[Given records]:

:::::

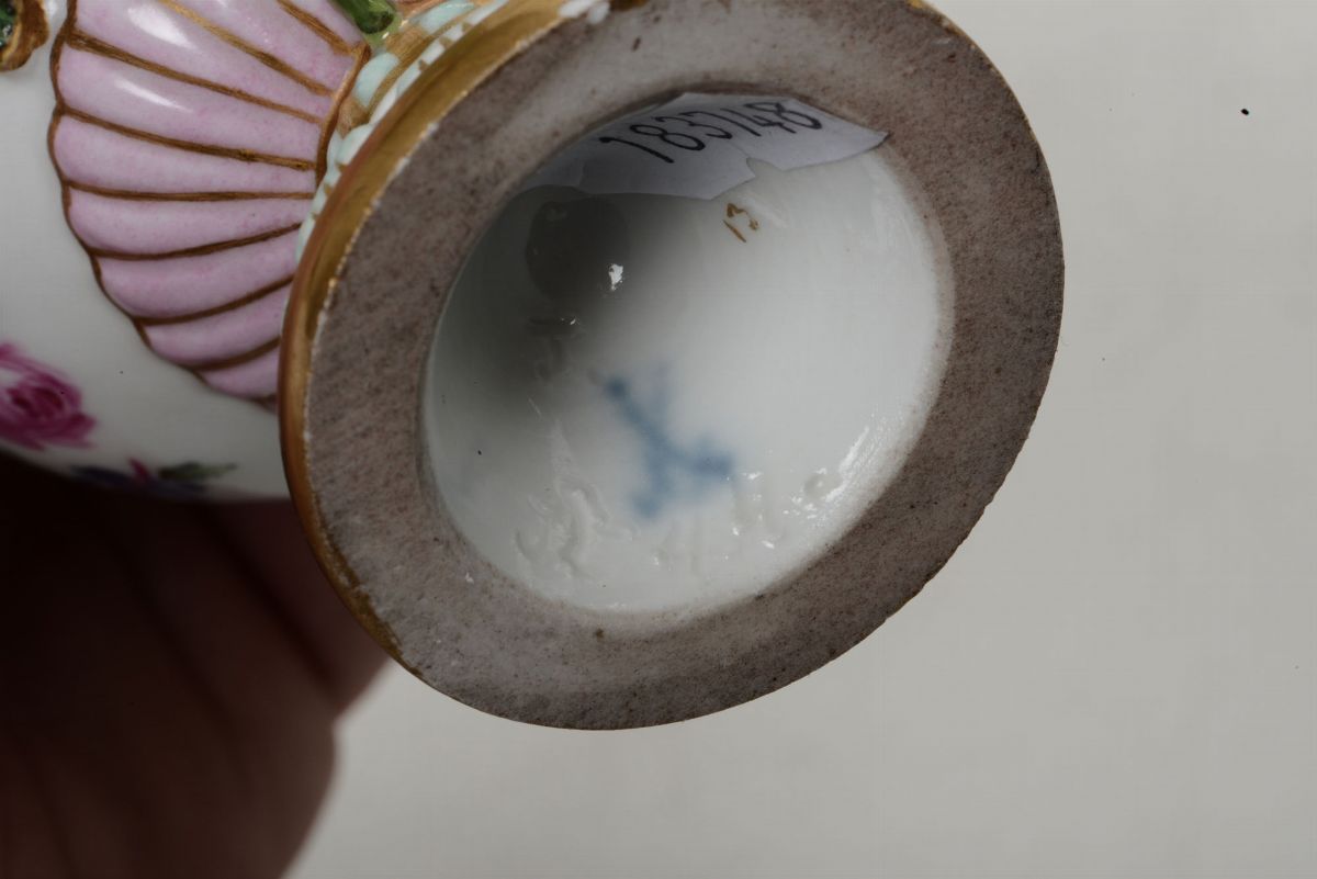Coppia di vasetti, XIX secolo Marca: spade in blu, “A44” inciso. Alt. cm 9,8. Vecchio restauro ad un pezzo; rotture ai fiori
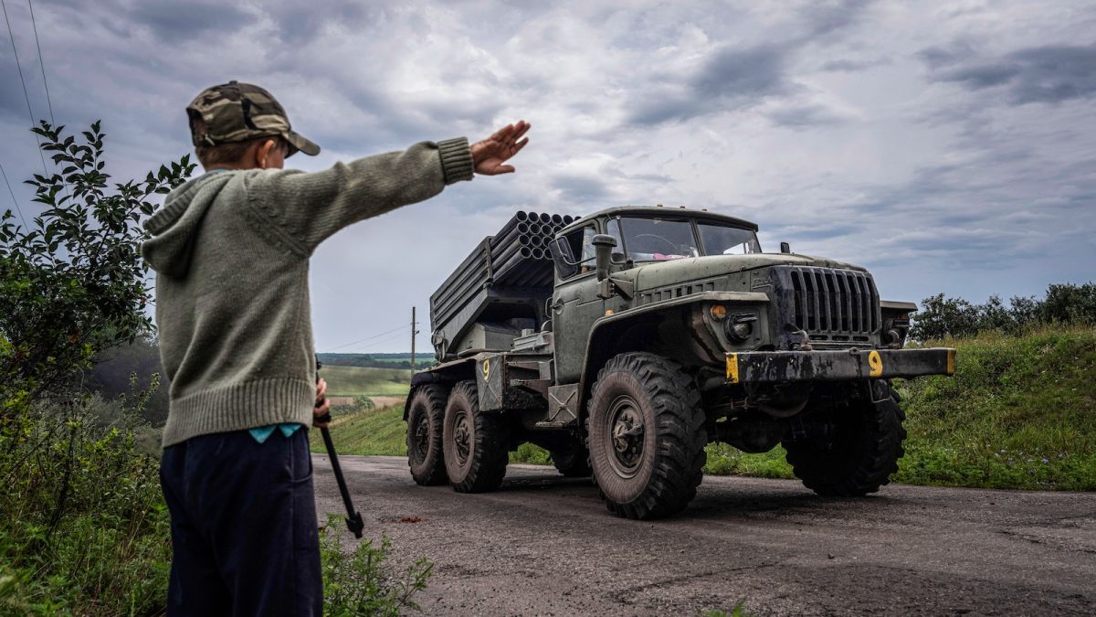 Nyitókép: ukrán fiú játékpuskával a kezében köszönti a BM-21 Grad rakéta-sorozatvető rendszert szállító ukrán katonákat a kelet-ukrajnai Harkivi területen húzódó orosz front közelében 2022. augusztus 2-án (fotó: MTI/AP/Jevhen Maloletka)
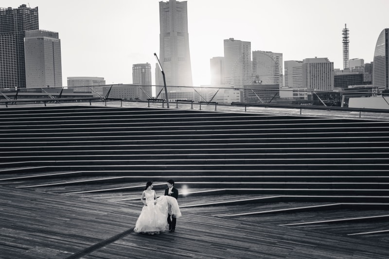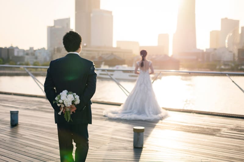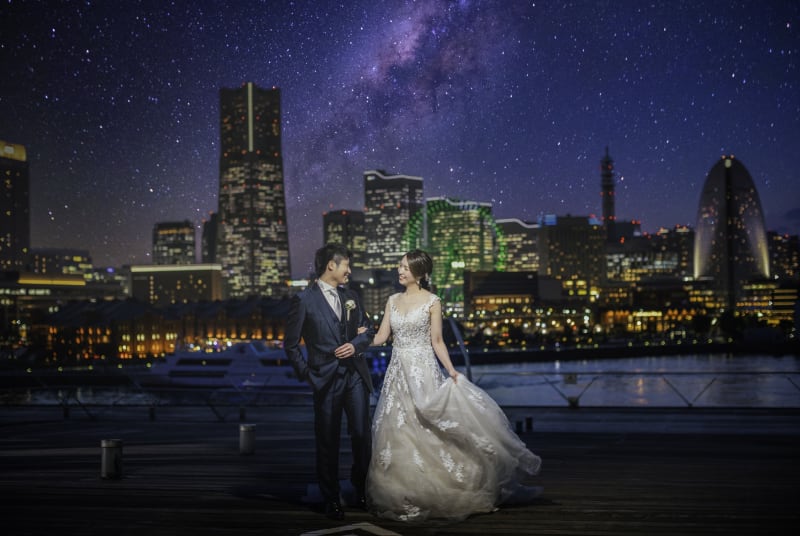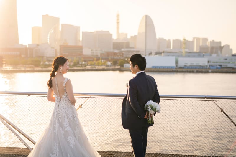 光輝くみなとみらいはお二人を祝福してくれているような気がします!とてもほっこりする写真ですね。
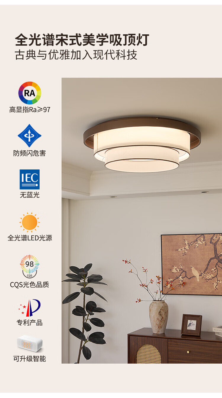 大自然照明(NATURE)宋式美学客厅吸顶灯宋代美学禅意茶室书房卧室灯复古国风卧室灯具 40cm24W三色变光
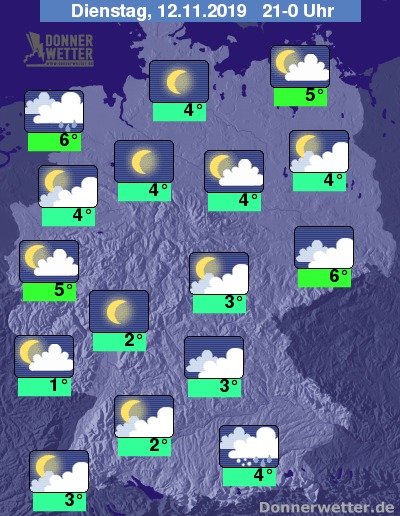 Bis Mitternacht fällt im südöstlichen Bayern teilweise bis in tiefere Lagen herab Schnee oder Schneeregen, wobei es zu Glätte auf Straßen und Gehwegen kommen kann. Im übrigen Land zeigen sich gebietsweise für längere Zeit die Sterne, sonst bleibt es wechselnd bewölkt und speziell an der Grenze zu Benelux können einzelne Schauer auftreten.

:::::

Begin at the line containing "大自然照明(NATURE)宋" and transcribe exactly every line through the end of the records, both ends included, leaving the pictures out.

 大自然照明(NATURE)宋式美学客厅吸顶灯宋代美学禅意茶室书房卧室灯复古国风卧室灯具 40cm24W三色变光
 Bis Mitternacht fällt im südöstlichen Bayern teilweise bis in tiefere Lagen herab Schnee oder Schneeregen, wobei es zu Glätte auf Straßen und Gehwegen kommen kann. Im übrigen Land zeigen sich gebietsweise für längere Zeit die Sterne, sonst bleibt es wechselnd bewölkt und speziell an der Grenze zu Benelux können einzelne Schauer auftreten.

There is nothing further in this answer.